New Zealand political consultant and editor

Matthew Owen Hooton (born circa 1972-1973) is a former adviser to the National and ACT parties, lobbyist, political commentator and newspaper editor. He served as a press secretary in the Fourth National Government, worked as a political strategist for National Party leaders Don Brash and Todd Muller, and also advised the ACT party and Mayor of Auckland Wayne Brown. In June 2026, Hooton became the editor of the Wellington newspaper, The Post.

==Early life and education==
Hooton studied at Auckland Grammar School and later pursued a Bachelor of law at the University of Auckland. In 1990, he took up a summer speech-writing job for the-then Education Minister Lockwood Smith. In 1996, he visited India, China, Mongolia and Sri Lanka before returning to work as a parliamentary press secretary for Smith in 1997. Hooton resigned from his parliamentary job following the 1999 New Zealand general election.

==Consultancy work==
From 2000, Hooton worked as Fonterra's head of communications for two years. In 2003, he worked as an adviser to National Party leader Don Brash and supported his leadership campaign. Hooton also advised Brash's campaign during the 2005 New Zealand general election. Hooton also worked as a consultant for the Seafood Industry Council, Asia-Pacific Economic Cooperation, the Treaty Tribes Coalition and PwC.

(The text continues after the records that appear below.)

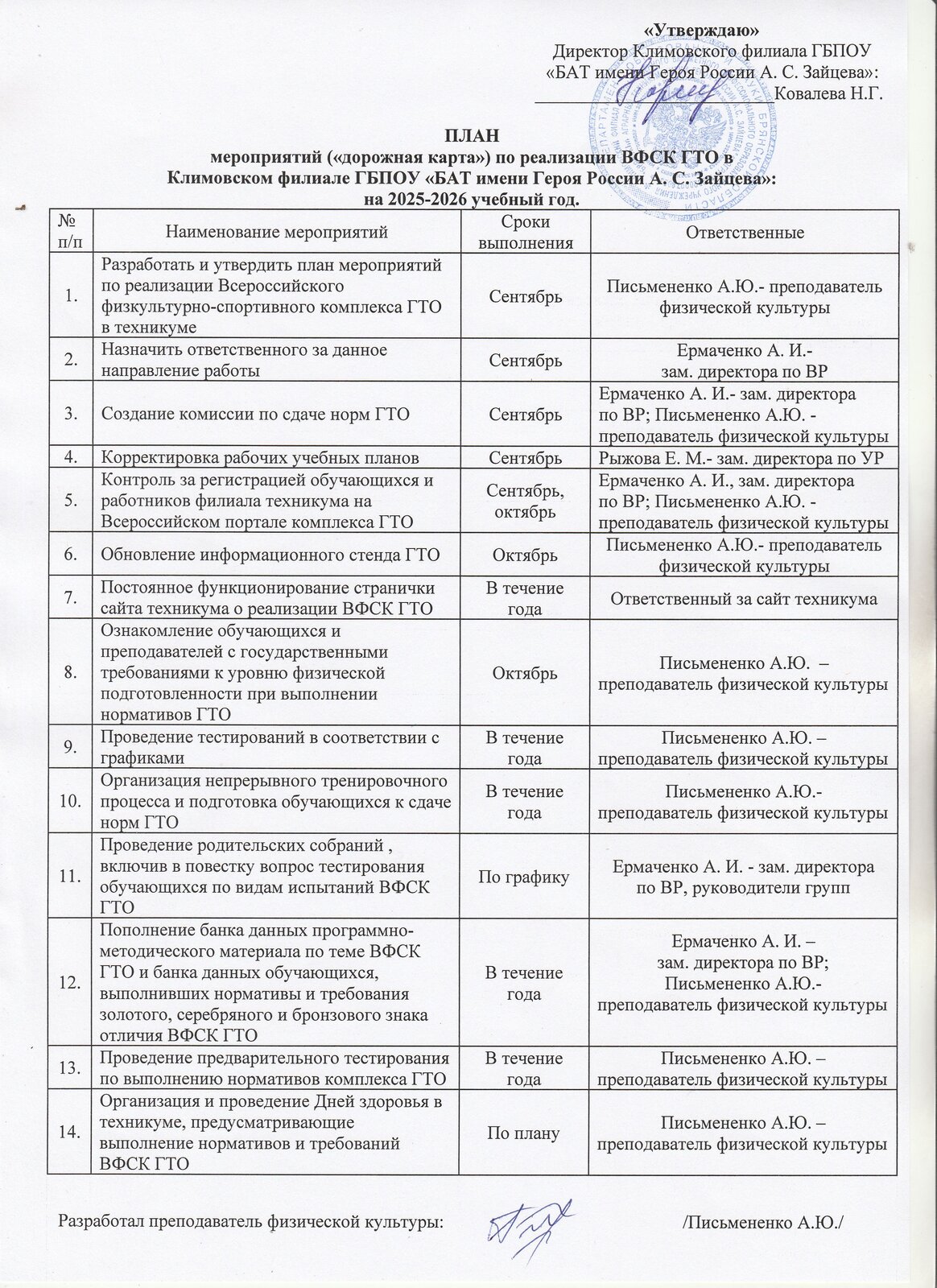 6 июня 2025 г. в Климовском техникуме состоялась торжественная церемония награждения знаками ГТО работников техникума.
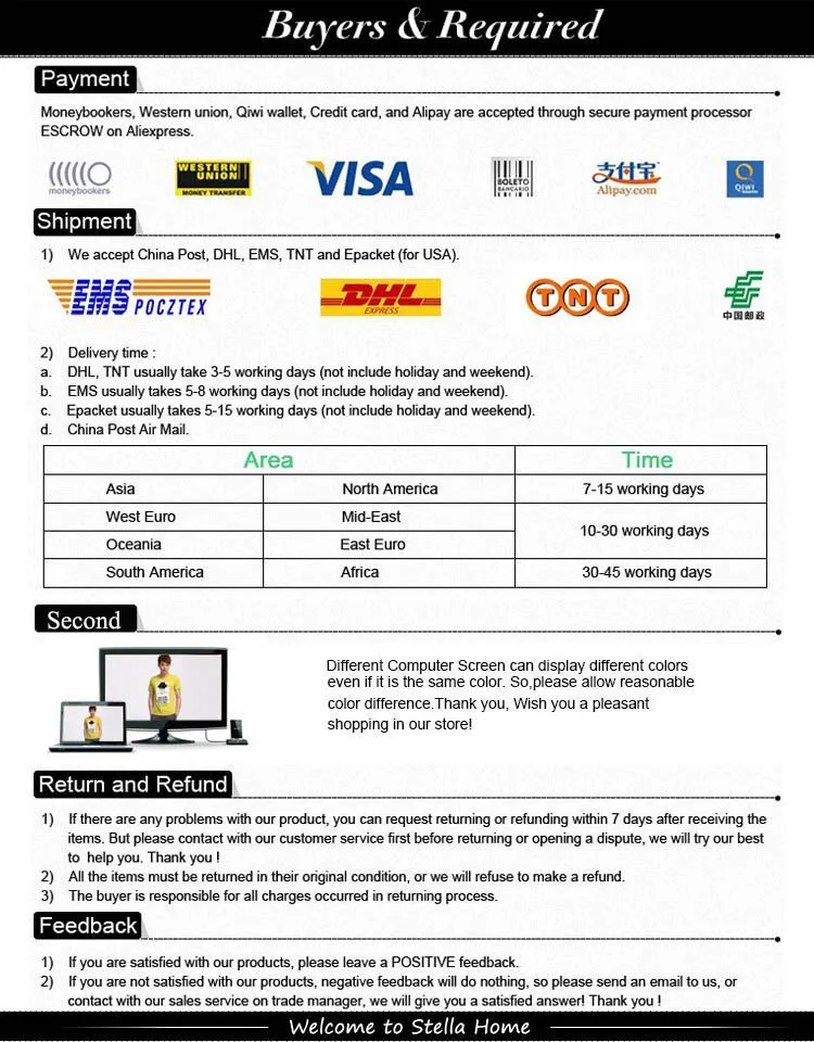 • If you did not receive the product within the guaranteed time( 45 days not including 2-5 day processing) you can request a refund or a reshipment.
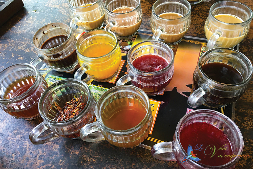 Le salon propose de vous faire découvrir les gammes de café et de thé qu’il possède lors d’une dégustation à la fin du tour. Douze boissons vous sont proposées. Ils sont vraiment super bon ! En revanche, ils ne font pas tester le café mangouste. Vous devrez l’acheter si vous souhaitez le goûter. Leur spécialité est de broyer le café en poudre, de même pour le thé, pour mieux le conserver. Ne soyez donc pas surpris si lors de l’achat vous voyez des paquets en poudre.
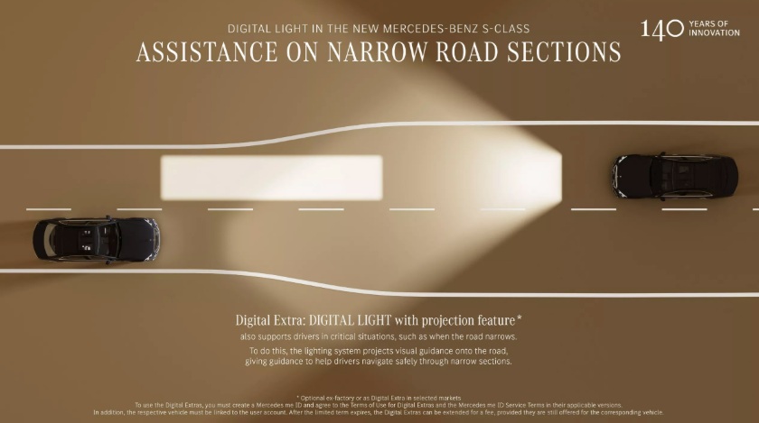 Vượt xa chức năng chiếu sáng thông thường, gói tùy chọn Digital Extras biến mặt đường thành một màn hình hiển thị sống động. Hệ thống có thể chiếu các ký hiệu cảnh báo trực tiếp xuống đường như biển báo ngược chiều, cảnh báo chệch làn hay biểu tượng bông tuyết khi gặp đường trơn trượt. Thậm chí, khi đi vào các khu vực đang thi công, xe sẽ tự kích hoạt chế độ chiếu sáng làn đường hẹp để hỗ trợ người lái. Để tăng thêm tính cá nhân hóa, chủ nhân còn có thể tận hưởng các hiệu ứng ánh sáng động như "Digital Rain" hay "Star Wave" mỗi khi khóa hoặc mở cửa xe.
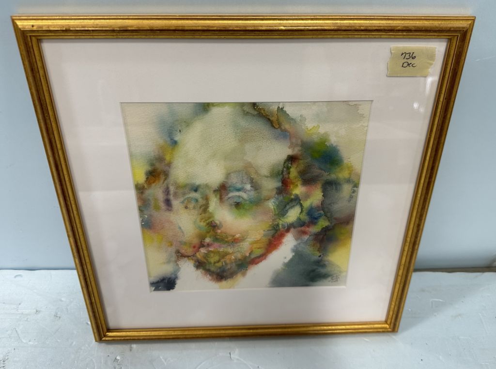 Loutin Watercolor of William Shakespeare, 14"h., 14"w, Location Back Metal Shelves Loutin Watercolor of William Shakespeare, 14"h., 14"w, Location Back Metal Shelves
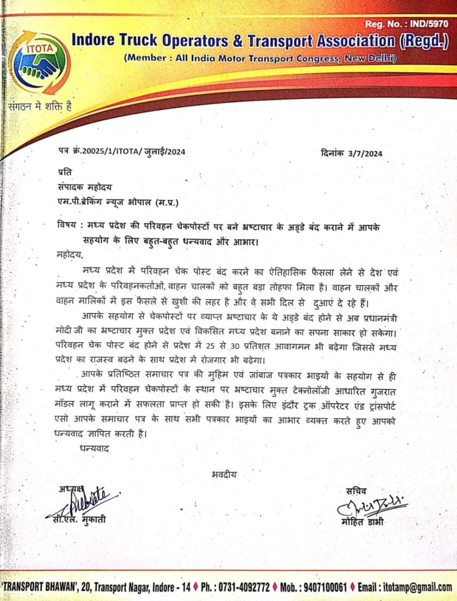 इसके बाद इंदौर ट्रक ऑपरेटर एंड ट्रांसपोर्ट एसोसिएशन ने एमपी ब्रेकिंग न्यूज़ को पत्र लिखकर धन्यवाद ज्ञापित किया है। इस पत्र में उन्होंने लिखा है कि ‘मध्य प्रदेश में परिवहन चेकपोस्ट बंद करने का ऐतिहासिक फैसला लेने से एमपी और देश के परिवहनकर्ताओं और वाहन चालकों को बड़ा तोहफ़ा मिला है। वाहन चालकों और मालिकों में इस फैसले से खुशी की लहर है और वे सभी दिल से दुआएँ दे रहे हैं। आपके प्रतिष्ठित समाचार पत्र की मुहिम और जाँबाज़ पत्रकार भाइयों के सहयोग से ही मध्य प्रदेश में परिवहन चेकपोस्ट के स्थान पर भ्रष्टाचार मुक्त टेक्नॉलॉजी आधारित गुजरात मॉडल लागू कराने में सफलता मिली है। इसके लिए इंदौर ट्रक ऑपरेटर एंड ट्रांसपोर्ट एसोसिएशन आपके समाचार पत्र के सभी पत्रकार भाइयों का आभार व्यक्त करते हुए आपको धन्यवाद ज्ञापित करता है।’ ट्रक ऑपरेटर एंड ट्रांसपोर्ट एसोसिएशन का ये पत्र एक बार फिर इस बात की पुष्टि करता है कि एमपी ब्रेकिंग न्यूज़ सदैव ईमानदार पत्रकारिता के लिए प्रतिबद्ध है। इस तरह की सराहना हमें फिर-फिर याद दिलाती है कि हम पूरी सच्चाई के साथ मुद्दों को उठाते आए हैं और आगे भी ये सिलसिला बरकरार रहेगा।
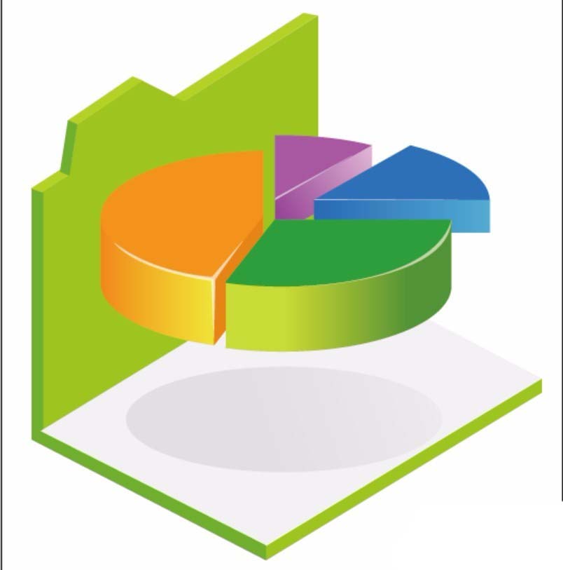6、用蓝色的渐变、绿色的渐变、橙色的渐变、粉色的渐变填充饼状图的四块不同的区域,从而完成饼状图配色设计。
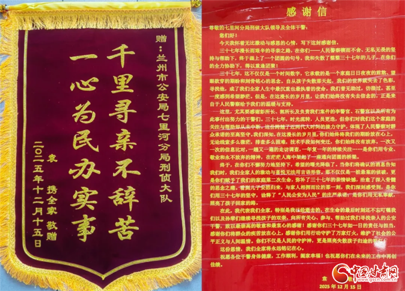 2025年12月15日,袁女士夫婦專程帶著兩面印有“千里尋親不辭苦 一心為民辦實(shí)事”的錦旗和飽含深情的感謝信,分別來到分局刑偵大隊(duì)、龔家灣派出所:“謝謝你們,幫我找回了失散半生的兒子,圓了我們?nèi)业膱F(tuán)圓夢(mèng)!”
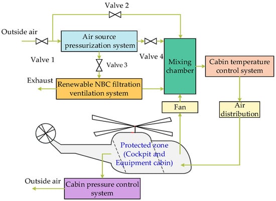 The helicopter’s capacity to enter and exit the battlefield quickly, along with its combat and rescue, plays a crucial role in national aviation power [1,2,3]. However, in a nuclear, biological, and chemical (NBC) environment, the aircrew will be harmed both in the body and psychology due to helicopter exposure to an external contaminated environment.

After another year of university education in 2003, Hooton founded a public relations and lobbying company called Exceltium in 2005. In 2008, Exceltium successfully lobbied the Kyoto Forestry Association into allowing their clients to participate in the New Zealand Emissions Trading Scheme.

During the 2014 New Zealand general election, Hooton worked for the National Party's campaign, with his activities being documented in independent journalist Nicky Hager's book Dirty Politics. During the 2017 New Zealand general election, Hooton and Exceltium work as strategic advisers for the ACT Party. Prior to the 2020 New Zealand general election, Hooton resigned as a staff member on National Party leader Todd Muller's campaign in August 2020, citing the long commute between Auckland and Wellington.

==Honorary consul to Mongolia==
In December 2017, Hooton was appointed as New Zealand's honorary consul to Mongolia. He also worked as a visiting associate professor teaching philosophy at the National University of Mongolia. In early 2025, Hooton helped organise Foreign Minister Winston Peters' state visit to Mongolia.

==Media career==
In mid-June 2026, Hooton became the editor of the Wellington daily newspaper, The Post, which is owned by Stuff.

==Legal issues==
In September 2024, Hooton and left-wing activist and blogger Martyn "Bomber" Bradbury received legal letters former National Party leader Don Brash's legal counsel Stephen Franks after Hooton criticised Brash's character and accused him of promoting racism during a podcast hosted by Bradbury. Following the complaint, Hooton apologised for his remarks about Brash. Brash subsequently sued Hooton for defamation. After unsuccessfully attempting to get Brash's lawsuit against him dismissed by the High Court, Hooton challenged Brash's lawsuit and the High Court's ruling at the Court of Appeal in late June 2026.

==Personal life==
Hooton is married to Cathy Wood and has one child. In 2014, Hooton underwent alcohol addiction treatment.